When we first meet Cesar, he’s at an emotional nadir. While grieving the death of his wife and muse, Sunny Hope (Haley Sims), he’s taken Wow Platinum as his mistress. Wow works as TV’s “Money Bunny” and dreams of being part of a true power couple with Cesar. However, Cesar is not interested in Wow apart from sex and soon rejects her in favor of new love interest, Julia Cicero (Nathalie Emmanuel). Wow retaliates by seducing and marrying Cesar’s elderly uncle, Hamilton Crassus III (Jon Voight). It’s not just that this move binds them together as family, but through Crassus, Wow becomes the richest woman in the city and the essential puppet master of its bank.

It must be stressed that through the entire film, Plaza plays Wow Platinum like an erotic agent of chaos. Her dialogue is ludicrously horny at times. After noting that Cesar is so “anal,” she drops to her knees and describes herself as “so oral.” During her wedding banquet, she writhes on a sofa, feeding herself cherries, high on her own newfound position of power. When she ultimately designs a takeover of Crassus’s business with ally Clodio, she seals their partnership with an aggressive sex scene. “Auntie Wow” uses Clodio like a plaything, instructing him on how to best pleasure her.

If Cesar and Julia’s romance is a mediation on the power that love lends creativity, Wow Platinum’s form of heartless sexuality represents the destructive elements of pure avarice. Later in the film, Wow’s dialogue begins to become undercut with the sound of scissors slicing. She even mimes the action with her fingers. She is the antithesis of Cesar, who represents creation. Wow Platinum is destruction.

Wow Platinum’s story eventually ends with a boner joke. Just when she and Clodio are on the precipice of stealing everything from Crassus, her old husband calls both into his room. “What do you think of this boner I’ve got?” he says, pointing at a protrusion standing tall under his bed covers. He then reveals it’s actually a small bow and arrow. With three deft shots, he murders Wow and hits Clodio in the rear.

Aubrey Plaza’s performance in Megalopolis should honestly be nominated for an Academy Award. It should be studied in schools and meditated upon by philosophers.
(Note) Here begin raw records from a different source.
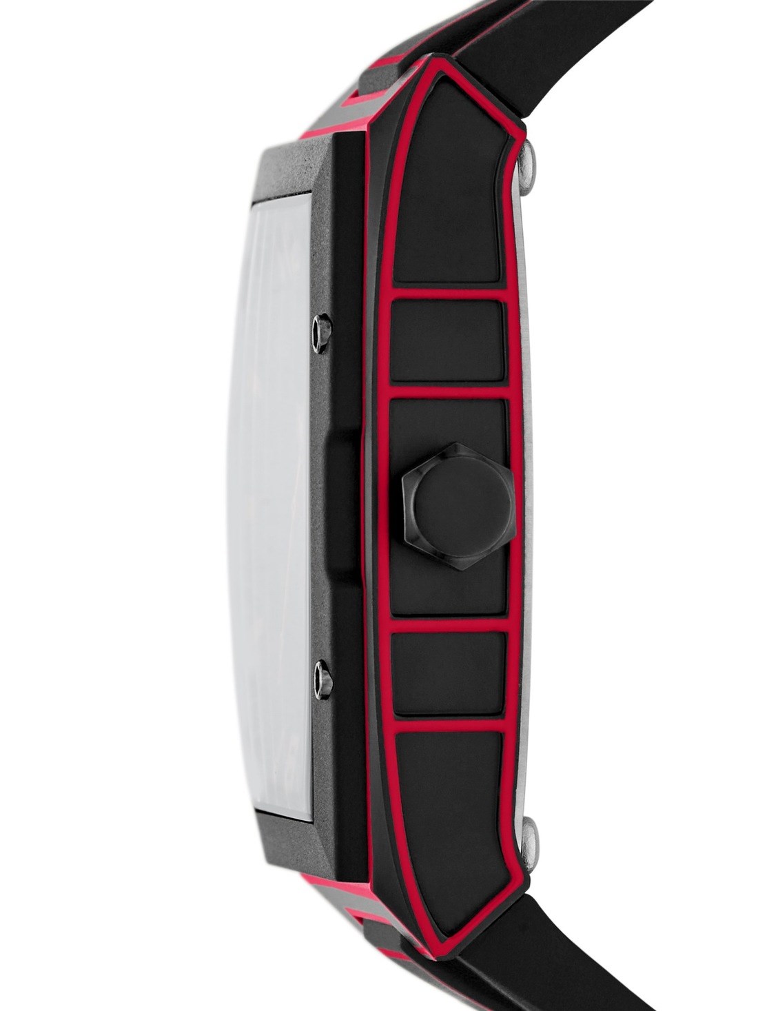 Short Description A barrel-shaped case, bold red accents, and gear detailing on the black novelty dial create a dynamic design that draws inspiration from comic art.
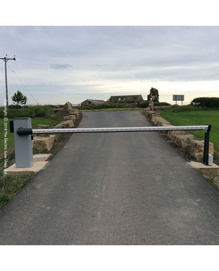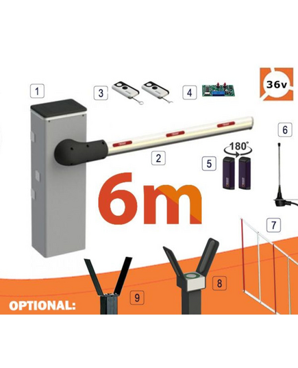 The barrier kit contains the barrier box/motor, spring, receiver, two remotes and a set of photocells, the boom/arm comes separate. As always an arsenal of accessories from lighting kits, skirts and supports.
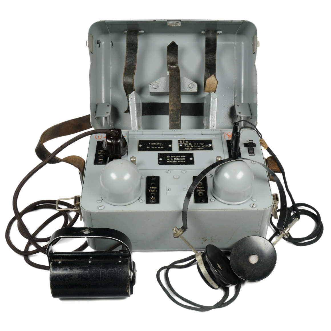 Der Kabelsucher besteht aus einer Spule zur Aufnahme der Feldenergie, einem zweistufigen Niederfrequenz-Verstärker und einem Doppelkopfhörer. Als Eingang sind zwei Buchsenpaare vorgesehen. Über das erste Buchsenpaar wird die Suchspule angeschaltet, die dann unmittelbar auf das Gitter der ersten Röhre arbeitet. Der Vorübertrager VÜ wird dabei durch die Einführung des Steckers in die Anschlußbuchsen doppelpolig abgeschaltet. Das zweite mit „Eingang 200 Ohm“ bezeichnete Buchsenpaar dient für einen niederohmigen Anschluß des Kabelsuchers. Die beiden Verstärkerstufen sind durch den Zwischenübertrager ZÜ miteinander verbunden. An die beiden Buchsenpaare „Anode 1. Röhre“ und „Gitter 2. Röhre“ kann an Stelle des Zwischenübertragers ein anderes Zwischenglied angeschlossen werden. Die Abtrennung des Zwischenübertragers erfolgt hier wieder durch Buchsenkontakte.
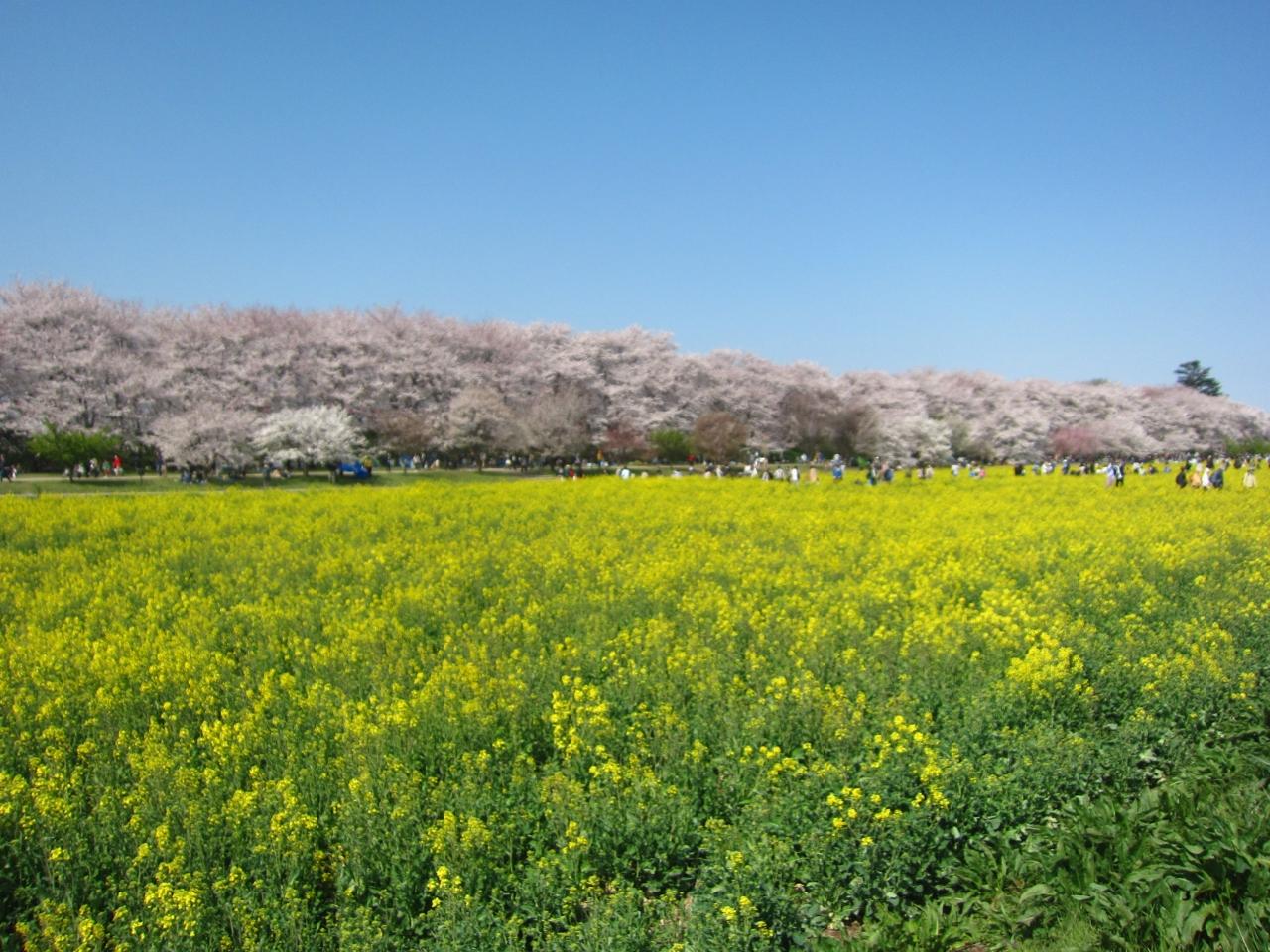 人は多いですが広いのでゆっくり見れます。以前来たときは桜も菜の花も満開だったと思いますが、曇りだったのでリベンジしました。写真は午後は逆光になると見たので午前中に行けてよかったです。
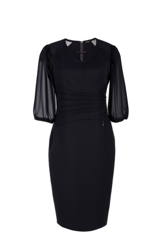 Elegantna modra obleka s 3/4 rokavi, ki po kroju sledi liniji telesa in poudari vašo ženstvenost. V predelu pasu je okrašena z naborki, ki dodatno poudarijo pas. Dodajte še nakit Luna in torbico in pripravljeni ste na pomemben dogodek.
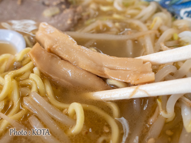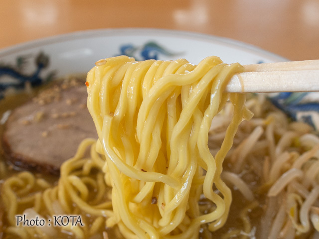 麺は、旭川ではお馴染みの低加水仕様。ちぢれ控え目な細麺はしこしことしていて、喉越しを楽しませてくれる。
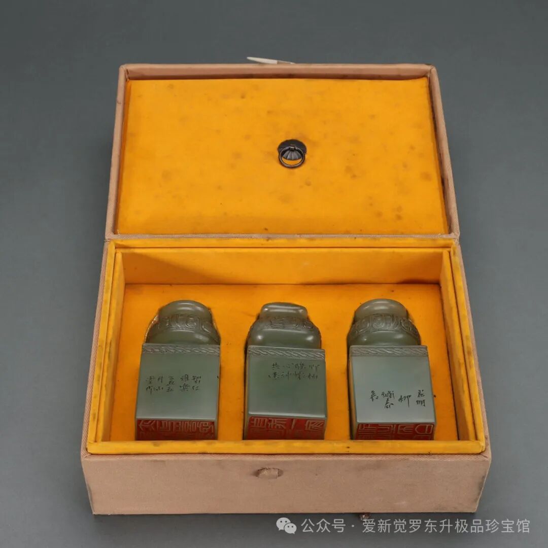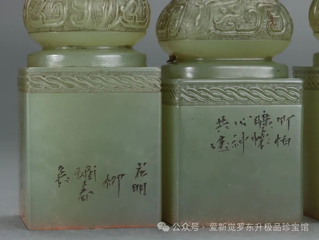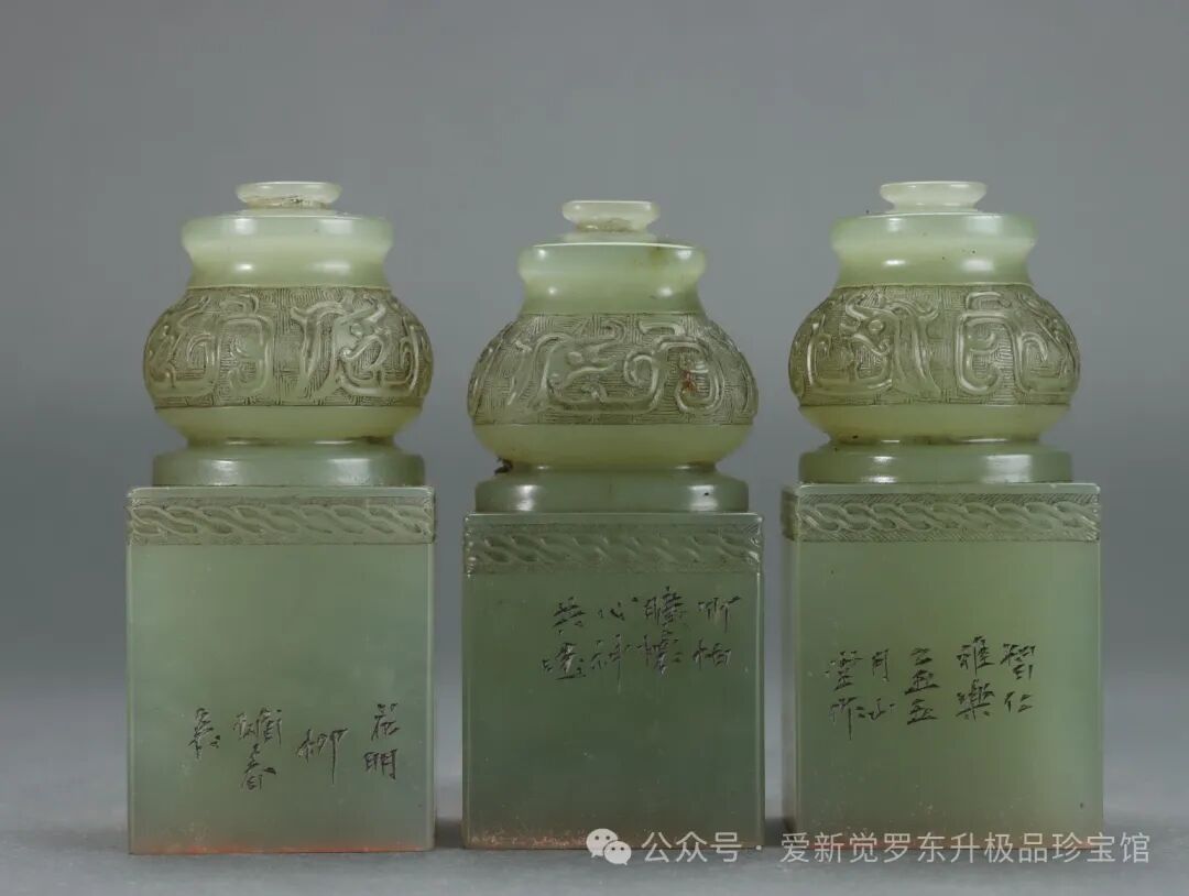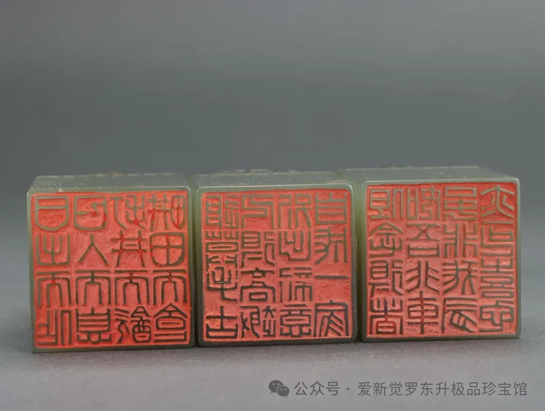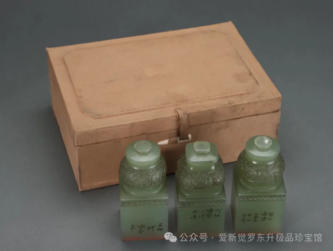 晚清 艾叶绿石印章一套。规格:宽3.6㎝高10㎝总重765g
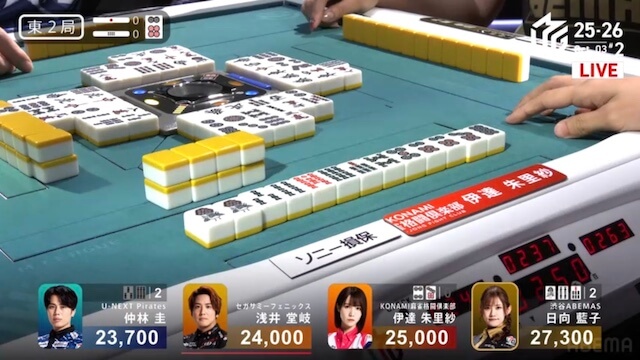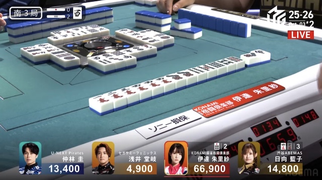 南3局2本場、親の伊達が10巡目に先制リーチ。仲林からロンアガリ。2000は2600を加点し、さらなる連荘に成功する。
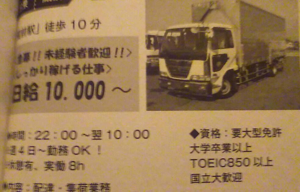 氷河期時分に見られた求人票職種:トラック運転手10t含む
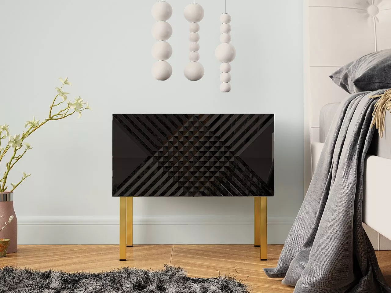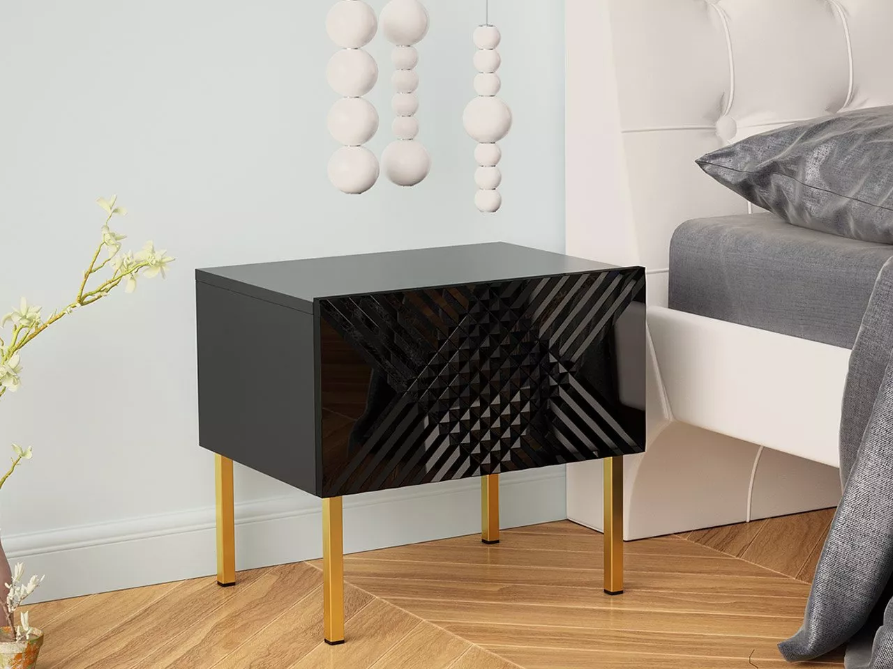 VÝPRODEJ - Noční stolek HUNE - černý / lesklý černý
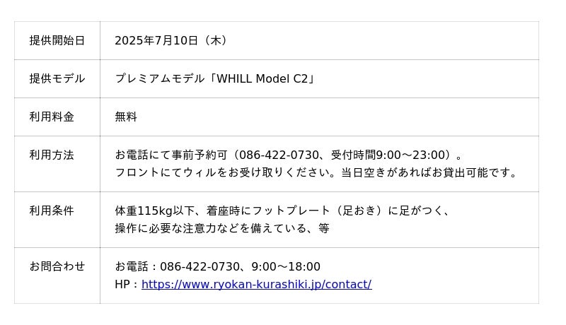 WHILL社は今後も、旅館くらしきをはじめとしたさまざまなステークホルダーとの連携を通じ、移動の面から安心快適でインクルーシブな滞在体験を提案してまいります。
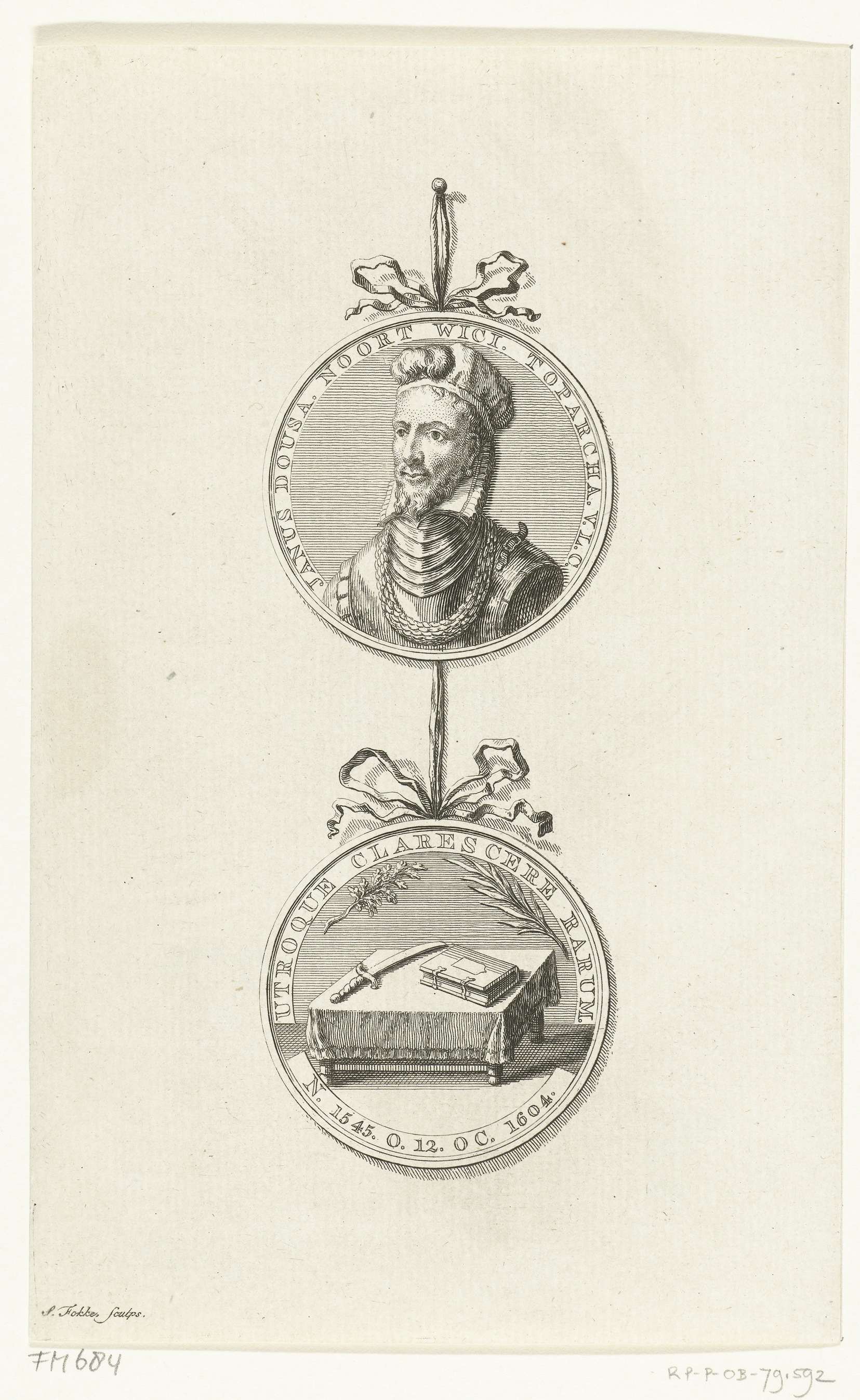 Penning met portret van Johan van der Does, heer van Noordwijk, bevelhebber te Leiden tijdens het beleg, 1574. Bij zijn overlijden in 1604. Zilveren penning. Voorzijde: borststuk man binnen omschrift. Keerzijde: zwaard en boek liggend op een tafel onder een eiken- en een olijftak binnen omschrift. Voor- en keerzijde onder elkaar hangend aan lint.

She doesn’t just calibrate her voice and movements to transform into a living, breathing metaphor for sexual destruction; she appears to be having a blast doing it, too.

Wow Platinum isn’t the beating heart of Megalopolis, but she is its throbbing boner. It’s an incandescently adventurous and sexual performance that should be celebrated even by those who rejected the film.